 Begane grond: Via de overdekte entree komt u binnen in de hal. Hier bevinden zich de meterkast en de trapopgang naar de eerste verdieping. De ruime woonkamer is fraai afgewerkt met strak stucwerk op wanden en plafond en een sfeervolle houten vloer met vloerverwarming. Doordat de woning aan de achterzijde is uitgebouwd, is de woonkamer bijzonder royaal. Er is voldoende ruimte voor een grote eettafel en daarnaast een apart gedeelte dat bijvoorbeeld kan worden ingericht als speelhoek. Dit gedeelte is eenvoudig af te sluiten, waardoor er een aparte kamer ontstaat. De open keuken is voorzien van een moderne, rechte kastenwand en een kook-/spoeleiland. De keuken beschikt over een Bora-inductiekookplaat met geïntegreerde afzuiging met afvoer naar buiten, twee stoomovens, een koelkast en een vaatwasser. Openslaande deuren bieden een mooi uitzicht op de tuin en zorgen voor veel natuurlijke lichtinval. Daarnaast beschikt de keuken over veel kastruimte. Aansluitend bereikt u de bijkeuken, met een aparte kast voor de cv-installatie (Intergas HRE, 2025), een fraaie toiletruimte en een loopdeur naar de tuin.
::::::::
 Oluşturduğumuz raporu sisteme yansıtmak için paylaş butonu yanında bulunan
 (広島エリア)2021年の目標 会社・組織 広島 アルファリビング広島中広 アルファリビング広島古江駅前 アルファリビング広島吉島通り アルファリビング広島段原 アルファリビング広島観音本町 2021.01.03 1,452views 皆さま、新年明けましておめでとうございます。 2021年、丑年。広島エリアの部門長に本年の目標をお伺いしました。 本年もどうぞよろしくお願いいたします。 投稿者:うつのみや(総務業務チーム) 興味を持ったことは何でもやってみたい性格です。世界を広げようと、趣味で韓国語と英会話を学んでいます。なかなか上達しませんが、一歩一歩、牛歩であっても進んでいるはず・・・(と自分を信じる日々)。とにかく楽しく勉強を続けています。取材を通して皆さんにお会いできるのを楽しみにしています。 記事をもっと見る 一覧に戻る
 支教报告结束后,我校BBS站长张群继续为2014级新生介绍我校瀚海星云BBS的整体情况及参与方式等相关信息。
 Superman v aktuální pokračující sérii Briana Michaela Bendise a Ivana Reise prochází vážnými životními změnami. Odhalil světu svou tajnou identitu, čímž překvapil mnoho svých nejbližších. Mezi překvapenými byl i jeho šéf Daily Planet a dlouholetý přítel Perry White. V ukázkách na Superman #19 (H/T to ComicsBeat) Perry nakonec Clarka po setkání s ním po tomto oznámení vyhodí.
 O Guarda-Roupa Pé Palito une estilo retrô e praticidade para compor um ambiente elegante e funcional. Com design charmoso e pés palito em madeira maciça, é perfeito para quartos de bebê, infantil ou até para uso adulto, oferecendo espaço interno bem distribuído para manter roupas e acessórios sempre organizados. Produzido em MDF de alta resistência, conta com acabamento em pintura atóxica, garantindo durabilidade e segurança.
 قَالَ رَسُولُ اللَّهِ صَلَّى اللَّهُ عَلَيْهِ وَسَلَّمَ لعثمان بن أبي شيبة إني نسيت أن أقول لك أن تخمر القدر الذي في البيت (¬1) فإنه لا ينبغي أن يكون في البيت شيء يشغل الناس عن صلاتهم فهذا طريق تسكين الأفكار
::::::::
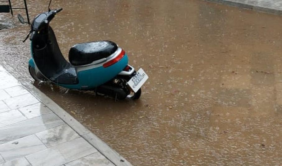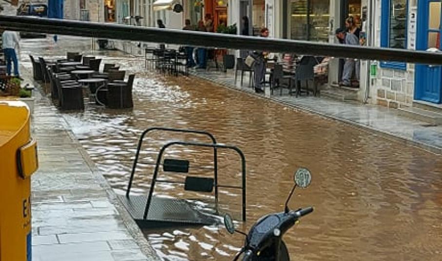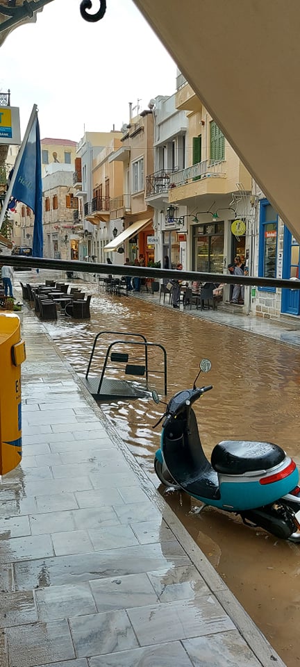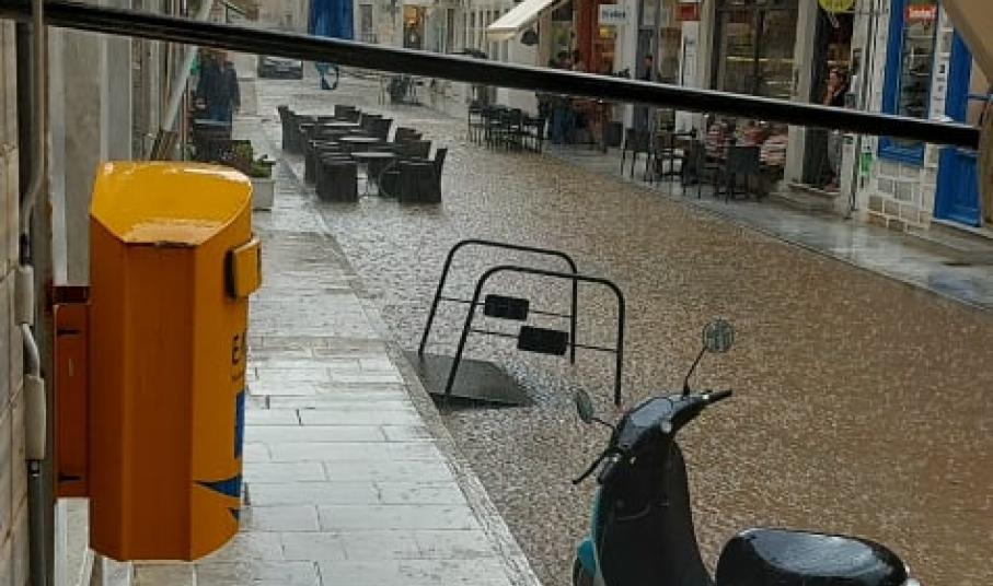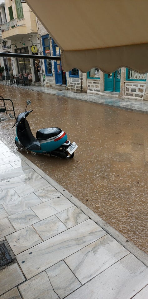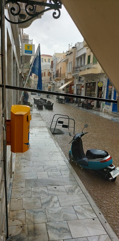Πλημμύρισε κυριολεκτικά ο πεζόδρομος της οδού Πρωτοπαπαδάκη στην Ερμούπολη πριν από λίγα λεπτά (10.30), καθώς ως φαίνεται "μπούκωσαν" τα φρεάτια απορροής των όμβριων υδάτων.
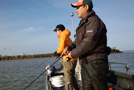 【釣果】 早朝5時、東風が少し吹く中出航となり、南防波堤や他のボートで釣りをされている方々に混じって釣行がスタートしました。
::::::::
_Task_
Transcribe the records above from the line holding "O Guarda-Roupa Pé" down to the line holding "قَالَ رَسُولُ اللَّهِ", inclusive, without adding anything.

_Solution for this task_
 O Guarda-Roupa Pé Palito une estilo retrô e praticidade para compor um ambiente elegante e funcional. Com design charmoso e pés palito em madeira maciça, é perfeito para quartos de bebê, infantil ou até para uso adulto, oferecendo espaço interno bem distribuído para manter roupas e acessórios sempre organizados. Produzido em MDF de alta resistência, conta com acabamento em pintura atóxica, garantindo durabilidade e segurança.
 قَالَ رَسُولُ اللَّهِ صَلَّى اللَّهُ عَلَيْهِ وَسَلَّمَ لعثمان بن أبي شيبة إني نسيت أن أقول لك أن تخمر القدر الذي في البيت (¬1) فإنه لا ينبغي أن يكون في البيت شيء يشغل الناس عن صلاتهم فهذا طريق تسكين الأفكار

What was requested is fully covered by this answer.